Mehr als 50 Kinder und Jugendliche, vom Säugling bis zum jungen Erwachsenen, werden in der Regel im „Foyer Ste-Elisabeth“ betreut. Auch wenn sich die Schwestern der Kongregation der hl. Elisabeth seit mittlerweile zwölf Jahren aus der Leitung des Heims zurückgezogen haben, fühlen sich die Verantwortlichen ihrer christlichen Einstellung nach wie vor verpflichtet: Nämlich jenen beizustehen, die in der Gesellschaft niemanden haben und dort keinen Rückhalt finden. Das Foyer Ste-Elisabeth hat eine bewegte Geschichte hinter sich. Die Wirtschaftskrise der Jahre 1930-1932 veranlasste die Franziskanerpatres der Escher Pfarrei St-Henri, die Schwestern der Kongregation der hl. Elisabeth zu bitten, eine Kinderkrippe für Arbeiterfamilien in Not zu eröffnen. Im Mai 1933 wurde mit dem Bau des heutigen Haupthauses in der Franziskanerstraße begonnen, am 29. September 1934 wurde es eingeweiht. Ursprünglich als Tagesstätte für Kinder geplant, deren Mütter arbeiteten oder krank waren, musste die Einrichtung bald auch über Nacht Kinder aufnehmen, die im Stich gelassen wurden.

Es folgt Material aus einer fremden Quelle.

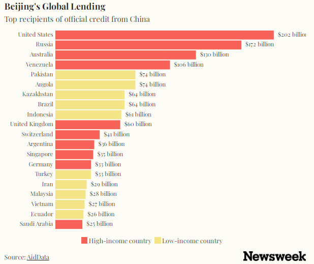 طبق گزارش «نیوزویک» و بر اساس نتیجه این مطالعه که دادههای ۲۴ ساله را تحلیل کرده، ایالات متحده بزرگترین دریافتکننده وام از چین در سطح جهان است و همین امر تصور عمومی را که چین بیشتر بر کشورهای در حال توسعه تمرکز دارد، به طور کامل نقض میکند.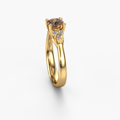 This 14 Carat gold ring is called Monika RND and is set with 0.80 crt brown diamond. Does your girlfriend fancy exclusive jewellery? Or would you like to show her that she deserves the finest jewellery? This gold ring is pure craftsmanship, love and passion combined with the latest techniques coming together in perfect harmony. It requires a keen eye, patience and a skilful hand to mould this ring into perfection. Just the job for our expert goldsmith! The brown diamonds set gemstones gives this gold ring an extra glamorous appearance. Customize the style of the ajour engagement ring to her liking with a wide variety of precious metals and gemstones which you select. That is how you create a unique ring for the most exclusive woman in your life! This jewel is made with passion and love by one of our master goldsmiths.Are you on a budget? Please feel free to contact us, so we can go discuss your options. We offer our engagement rings at guaranteed best price, because we make them to order. You won't find such a price anywhere else!Have you found a specific engagement ring somewhere which you would like to give to your loved one? Please feel free to express your wishes to our jewel designers because we would be honoured to turn your design into a classic engagement ring. You can follow the development of your ring design because we use 3D drawings. This gives you a realistic preview of how your design will look. You can also preorder a dummy. A dummy is a plastic ring, which can be shaped according your ring design. You can try it on and check if its width and size are suitable for you. We will gladly send you a non-binding offer, based on a fair price/ quality ratio. It will amaze you, considering the quality of the ring and gemstones.To make it easier for you, we offer a 30 day return policy. Check our terms and conditions.

Die Kleinen wurden bei den Schwestern untergebracht, blieben aber im kommunalen Schulsystem integriert. Das damalige St.-Elisabeth-Heim bot auch jungen Mädchen einen Ort, wo sie sich treffen und ihre Freizeit verbringen konnten. Das Haus auf Nummer 18 in der Franziskanergasse beherbergte drei Gruppen von jeweils bis zu 25 Kindern: eine Säuglingsgruppe, eine Vorschulkinder- und Schulkindergruppe. Beim Erreichen des 15. Lebensjahres wurden die Jugendlichen in anderen Einrichtungen untergebracht. Im Laufe der Jahre hat die Entwicklung in sozio-edukativer Hinsicht die Struktur im Heim verändert. Die Dezentralisierung der Lebensgruppen und die Verlängerung des Heimaufenthaltes – heute werden die Jugendlichen bis zum jungen Erwachsenenalter von 27 Jahren betreut – führte zum Kauf des Hauses auf Nummer 5 in der Rue St-Henri im Jahr 1969. Hier waren heranwachsende Jungen untergebracht, die aus anderen Heimgruppen kamen. Ab 1976 – nach dem Kauf und der Renovierung der Häuser 20-26 in der Rue des Franciscains – wurden in diesen Immobilien zwei weitere Gruppen à je zehn Kinder untergebracht.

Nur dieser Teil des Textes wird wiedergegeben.